[Start of Attachment]

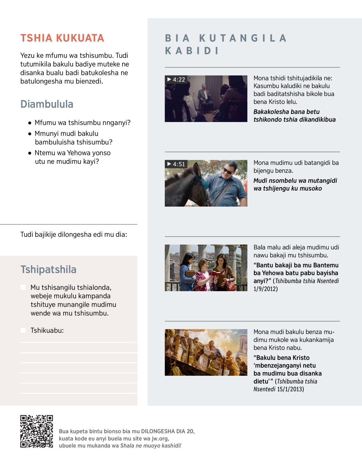 “Bantu bakaji ba mu Bantemu ba Yehowa batu pabu bayisha anyi?” (Tshibumba tshia Nsentedi 1/9/2012)
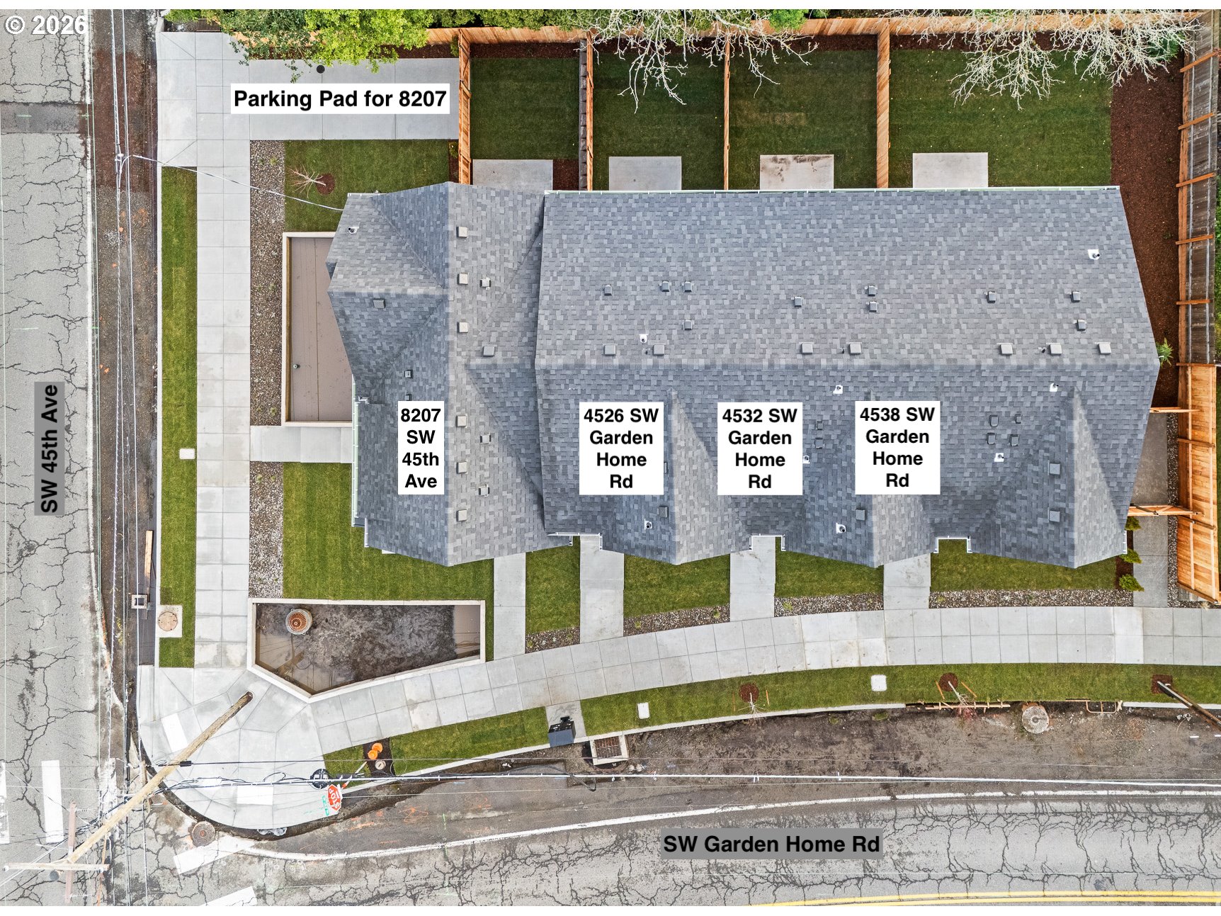 - Investor opportunity in the heart of Garden Home offering four newly constructed 2 bedroom, 2 bathroom residences designed for durability, efficiency, and long term rental appeal. Each unit offers ~921 square feet with modern open concept layouts, solid surface countertops, stainless steel appliances, energy efficient mini splits for year round comfort, and private yard space with lawn areas that are highly attractive to today’s tenants. Designed and developed by a respected local boutique builder known for high end finishes, efficient use of space, and attention to detail, these homes reflect thoughtful planning and strong construction standards. The front residence includes a dedicated parking pad, while the rear residence features a substantially larger lawn area that supports premium rental positioning and enhanced privacy. From a tenant demand perspective, the location performs exceptionally well. The property sits ~0.3 miles to Garden Home Recreation Center, ~0.4 miles to Garden Home Park, ~0.5 miles to Trader Joe’s, Starbucks, and neighborhood dining options, and ~1 mile to Washington Square with its major retail, restaurants, and employment draw. Quick access to SW Multnomah Blvd and Hwy 217 supports easy commuting to downtown Portland, Beaverton tech corridors, and OHSU. New construction reduces deferred maintenance risk, energy efficient systems help control utility expenses, and private yard spaces create strong differentiation compared to typical attached rental product. With lifestyle driven amenities, commuter convenience, and long term structural integrity, this fourplex presents a compelling opportunity for both investor hold strategies and owner occupied investment models in a consistently desirable Southwest Portland submarket.
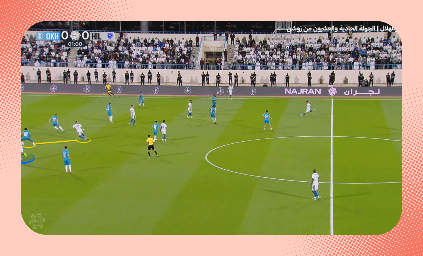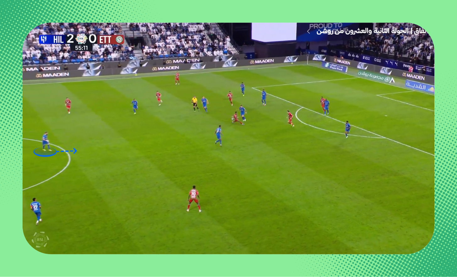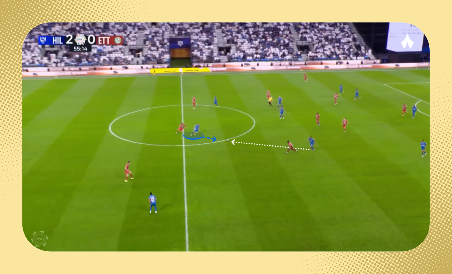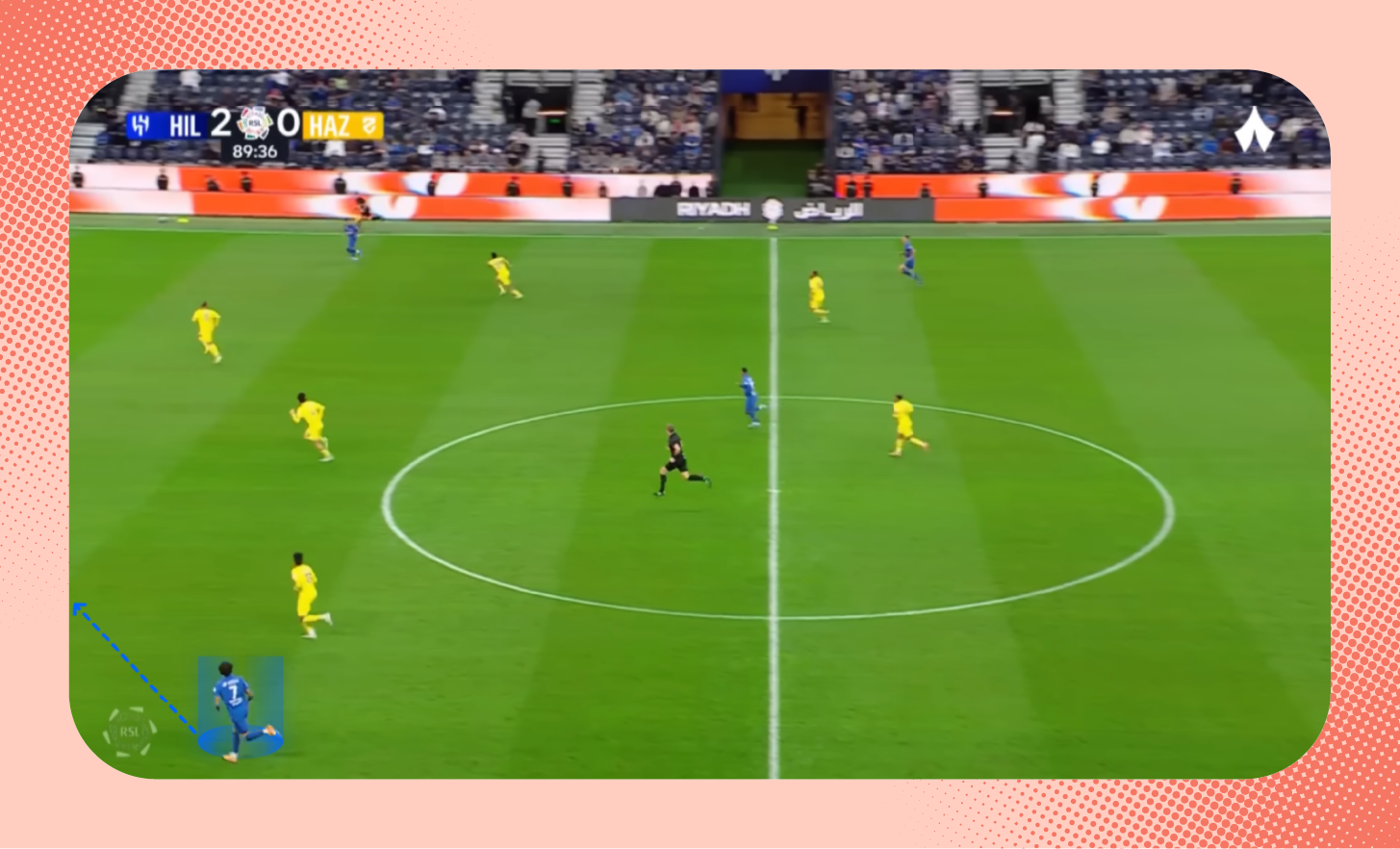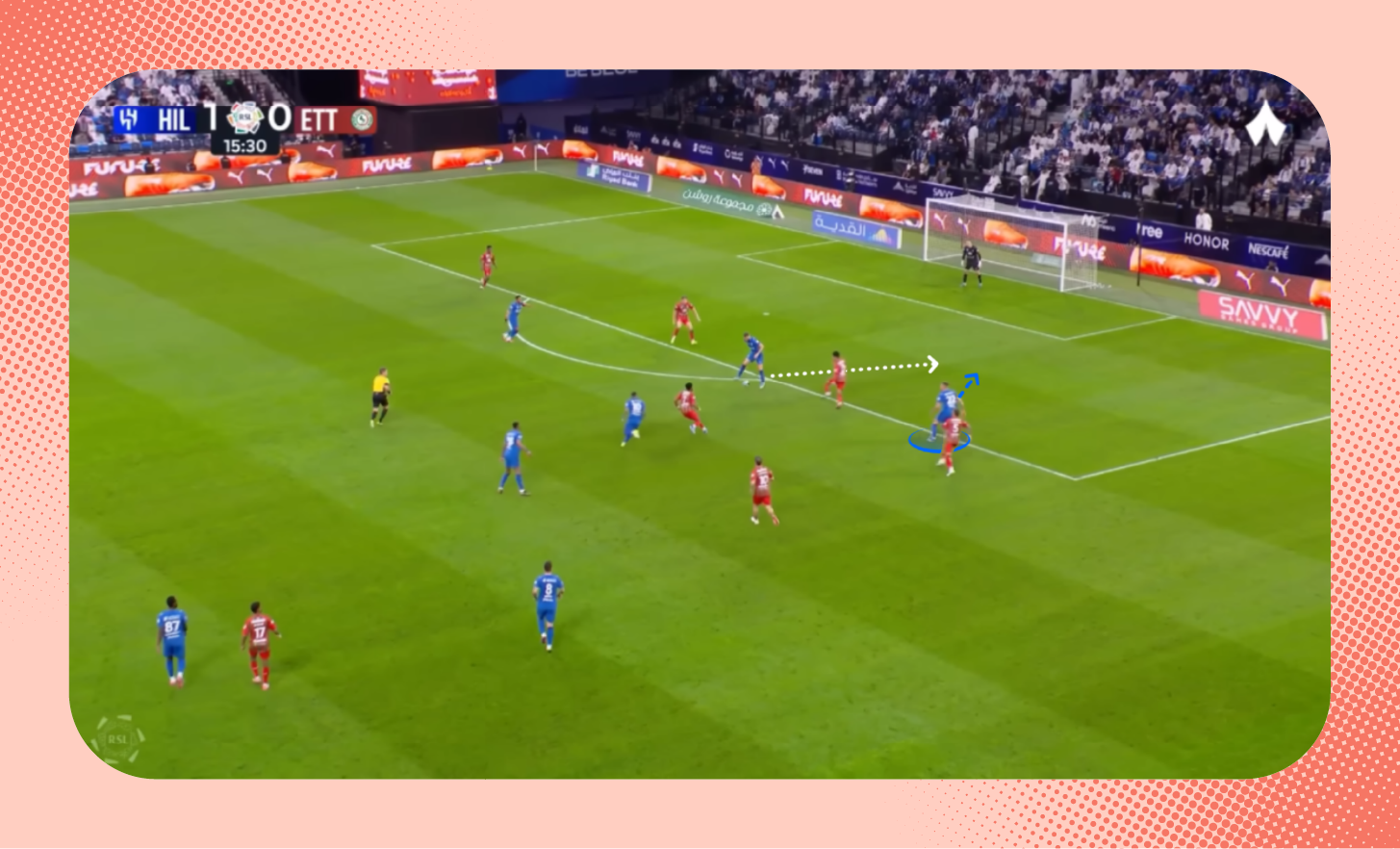 في هذه اللقطة من مباراة الرياض، يُمكنك ملاحظة التفوق العددي للاعبي الهلال على الأطراف، الذي مكّن الفريق من إحداث ثغرة في أنصاف المساحات، تحرك بها ثيو.

[End of Attachment]

**TASK DESCRIPTION:** Print out the whole listing word for word. Leave the pictures out.

**RESPONSE FOR THIS EXERCISE:**
 “Bantu bakaji ba mu Bantemu ba Yehowa batu pabu bayisha anyi?” (Tshibumba tshia Nsentedi 1/9/2012)
 - Investor opportunity in the heart of Garden Home offering four newly constructed 2 bedroom, 2 bathroom residences designed for durability, efficiency, and long term rental appeal. Each unit offers ~921 square feet with modern open concept layouts, solid surface countertops, stainless steel appliances, energy efficient mini splits for year round comfort, and private yard space with lawn areas that are highly attractive to today’s tenants. Designed and developed by a respected local boutique builder known for high end finishes, efficient use of space, and attention to detail, these homes reflect thoughtful planning and strong construction standards. The front residence includes a dedicated parking pad, while the rear residence features a substantially larger lawn area that supports premium rental positioning and enhanced privacy. From a tenant demand perspective, the location performs exceptionally well. The property sits ~0.3 miles to Garden Home Recreation Center, ~0.4 miles to Garden Home Park, ~0.5 miles to Trader Joe’s, Starbucks, and neighborhood dining options, and ~1 mile to Washington Square with its major retail, restaurants, and employment draw. Quick access to SW Multnomah Blvd and Hwy 217 supports easy commuting to downtown Portland, Beaverton tech corridors, and OHSU. New construction reduces deferred maintenance risk, energy efficient systems help control utility expenses, and private yard spaces create strong differentiation compared to typical attached rental product. With lifestyle driven amenities, commuter convenience, and long term structural integrity, this fourplex presents a compelling opportunity for both investor hold strategies and owner occupied investment models in a consistently desirable Southwest Portland submarket.
 في هذه اللقطة من مباراة الرياض، يُمكنك ملاحظة التفوق العددي للاعبي الهلال على الأطراف، الذي مكّن الفريق من إحداث ثغرة في أنصاف المساحات، تحرك بها ثيو.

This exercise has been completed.